How to Eat Healthy in Dining Common

by   |   estephen@bju.edu   |  
Female student with take away containers in Dining Common

BJU’s residence hall students rely on the Dixon-Mackenzie Dining Common for almost every meal—breakfast, lunch and dinner. Every day, members of the university community pile into the dining common and cue up for familiar favorites, new flavors and the trusty sandwich line.

The dining common has evolved dramatically over the last decade. Back in the day, the DC offered one or two entrees per meal with few sides. BJU has since partnered with Aramark, a professional food service, and remodeled the main dining room to accommodate better seating and queues. Now students can choose from options such as the pizza bar, the sandwich bar, the salad bar, the potato bar, the American grill, the international grill and the comfort food line.

With so many options, it can be difficult to avoid stress-eating whatever’s most readily available. We are what we eat, so it’s important to eat well for work and study.

BJUtoday talked to Christine Williams, the DC’s student nutritionist, about some of the ways the dining common staff works to keep the student body healthy and study-ready. Most of her work revolves around answering emails from students about dietary needs or fielding questions from visiting parents and other guests. Her work isn’t limited to the dining common, though. She fields nutrition questions about the offerings at the Den, the POD and Cuppa Jones as well. Williams is still a student, so she has the advantage of knowing what it’s like to juggle school alongside her work like the rest of the student body.

Making the DC a Food Sensitivity-Friendly Space

The DC’s nutrition evolutions started with gluten-free options.
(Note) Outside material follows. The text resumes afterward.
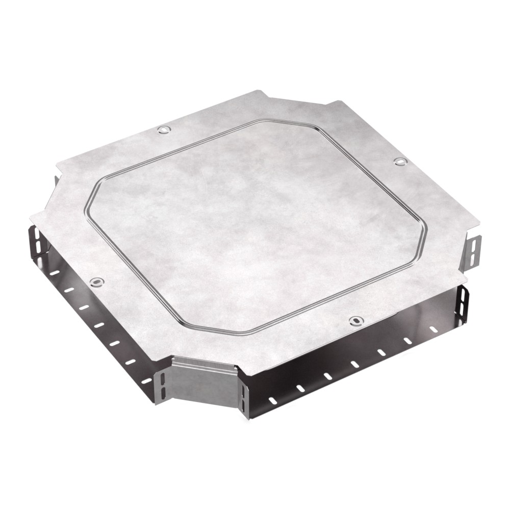 Описание Аксессуары изготовленные из стали с защитным покрытием по методу Сендзимира - это изделия, на которых защитное цинковое покрытие было нанесено на листовую сталь перед изготовлением. Толщина защитного покрытия варьируется от 10 до 22мкм. Климатическое исполнение изделий УХЛ2, что предусматривают эксплуатацию в помещении и под навесом, при температуре эксплуатации от -80 до +150С. Ответвитель X-образный предназначен для разветвления кабельных трасс в горизонтальном направлении, для перфорированных и глухих лотков. В комплект входит крышка.

As awareness grew about food sensitivities among our students, the dining common adapted its menus and its floorspace to include a place for students to get gluten-free food that didn’t include the risk of cross-contamination. Gluten allergies aren’t the only food sensitivity out there, of course—diners may have negative reactions to dairy, soy, other plants and even some kinds of meat.

See Also: Gluten-Free at BJU

Williams got her start working with the gluten-free section, though she’s hoping to take her knowledge and expand healthy (often plant-based) options to the rest of the offerings.

Finding the Healthy Options

The dining common has made changes to meal presentation to make healthy options more visible. The nutrition team added labels to menu items to make identifying good choices easier.

If you eat in the dining common often, you probably recognize these icons on the clear visors over food stations:

Photo credit: bju.campusdish.com

These labels call out beneficial elements of featured meals. For diners with dietary preferences, the labels signal which menu options work with their needs.

The new and improved DC foodscape also includes detailed ingredients lists and nutrition information for each menu item available at the food stations. These labels help folks with food sensitivities avoid certain menu options while introducing diners to new flavors and experiences so everyone can eat well at the dining common.

“Many people aren’t aware of what they eat and how it affects them,” Williams explains. “I’d like to see a change in how everyone views food.” In the future, she’d like to conduct a survey of student eating habits that Aramark can use to produce better offerings in the future—and find out how to make wholesome choices more appealing.

Williams has a plan to introduce new flavors and healthy choices to students. “We have a healthy cart that we’ll do every so often—a nutritional booth that promotes one item in the featured recipe.” For example, the cart featured chocolate zucchini bread.

Using Variety to Your Advantage

The DC has a lot of options to choose from, which means you have lots of tasty options available if you’re trying to eat well.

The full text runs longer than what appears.